In a tiny lane off a busy street in Phnom Penh, you will come to a small, rather unexceptional building, made up of exposed steel beams, bare concrete, and distressed timber —a structure that looks like it could be an old foundry; sort of Jacques Derrida meets old Chinese godown. However, do not let looks deceive you, for there is something quite remarkable going on inside these four walls. An urban nemeton, an apothecary of sorts, a place of druids and alchemists, where they use fire and ice in old alembic crucibles, to create liquid gold!

“The spirit world in Cambodia has many unexpected tales.”

Samai, Phnom Penh’s urban rum distillery, was founded in 2014 by Antonio Lopez and Daniel Pacheco. They saw it as combining a love of their adopted country with an intrinsic yearning for the national spirit that, as Venezuelans, is their birthright.

In the indigenous language of the Quechua, the descendants of the ancient Inca of South America, the word Samai (samay) has a complex and deeply spiritual connotation; it means to breathe deeply and find inner peace for one’s body, mind, and soul.

In Cambodia’s Khmer language, the term samai is derived from Pāli and Sanskrit ‘samaya’ and conveys the meaning of a new time or era, a modern generation, and a brighter future.

“Sugar and spice and all things nice.”

Cambodia’s Koh Kong province, in the south-west of the country, produces sugarcane of the highest quality, which is converted into the high-grade molasses that forms the basis of Samai’s rums. There are two small-batch, traditional pot stills and a newer copper column still.
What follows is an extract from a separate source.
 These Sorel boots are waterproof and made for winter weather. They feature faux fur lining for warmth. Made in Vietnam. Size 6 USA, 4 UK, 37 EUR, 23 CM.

After selection to be a member of Diageo’s distillery ‘incubation’ programme, their añejo rums have gone on to find international success and global distribution. Samai rums have won numerous medals and accolades, including awards at prestigious events such as the San Francisco World Spirits Competition, the London International Spirits Challenge, the Singapore World Spirits Competition, and the Miami International Rum Conference.

Whilst it can be hard to find, I recently served their Samai PX Rum Liqueur at a very exclusive dinner in the Presidential suite of Raffles Le Royal Hotel, where an esteemed group of guests were in raptures.

Samai PX Rum Liqueur

A dark, opaque rum the colour of Turkish coffee, it’s like staring into a Nietzschean abyss, or perhaps it’s the rabbit hole of Lewis Carroll’s wonderland. I hesitate momentarily, briefly glance down the long dining table to my left, to my right, and then I dive right in.
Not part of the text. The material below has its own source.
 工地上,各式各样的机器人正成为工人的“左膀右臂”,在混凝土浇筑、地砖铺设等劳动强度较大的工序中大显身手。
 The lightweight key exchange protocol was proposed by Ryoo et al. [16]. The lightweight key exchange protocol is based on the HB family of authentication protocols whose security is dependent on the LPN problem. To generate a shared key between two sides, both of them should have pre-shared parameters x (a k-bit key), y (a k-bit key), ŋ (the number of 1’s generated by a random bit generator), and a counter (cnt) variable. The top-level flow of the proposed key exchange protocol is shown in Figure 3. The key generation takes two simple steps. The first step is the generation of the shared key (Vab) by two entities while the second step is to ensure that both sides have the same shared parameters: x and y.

Pedro Ximénez is a Spanish grape variety grown predominantly in the Montilla-Moriles region, where it is used to make an intensely sweet, chestnut coloured, dessert-style sherry.
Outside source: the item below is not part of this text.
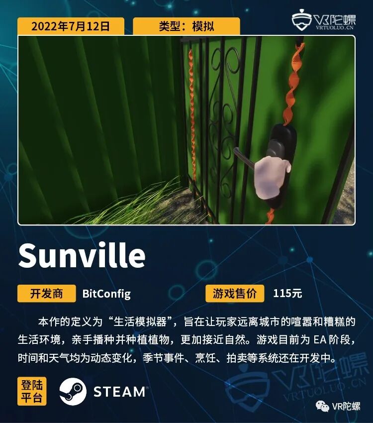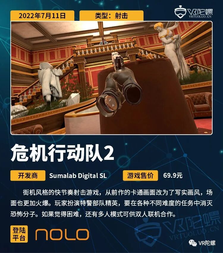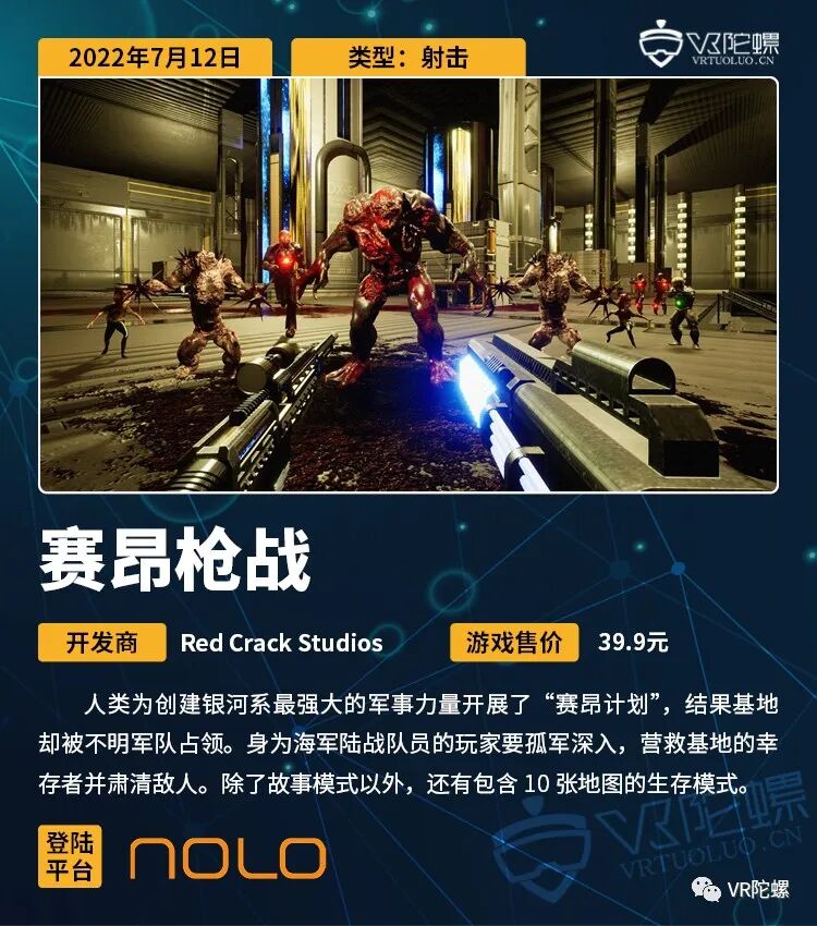本次周报统计7月9日~7月15日期间上线的VR游戏,共计21款,后文按照发售时间排序。截至2022年7月15日,各主要VR平台的内容数量如下:

The Samai ‘PX’ rum has been matured in old Pedro Ximénez Sherry oak casks for four to five years, with a good dollop of sweet, dark sherry left inside (the amount is a closely guarded secret).

Aromas are both enticing and intriguing in equal measure, including figs, dates, currants, dark chocolate, hazelnuts, baking spices, coffee grounds, and the sort of Christmas pudding only your grandmother could make.

On the palate, the intense, sweet, nutty, dried, and candied fruit notes flood into the mouth —bold, rich, and complex. It dances confidently across the palate like a fouetté to an adoring audience; there are wild honey, caramel, pecan, and treacle notes, giving the rum composure, before subtle spice, and the embracing warmth of alcohol sweeps across the back of the palate. The finish is clean, lingering, inviting you back for more.

This is more than a rum, located deep in the maze of lanes and alleyways of Phnom Penh; it is something incredibly special, unique. Something to be located, discovered and cherished, just like finding buried treasure —PX marks the spot!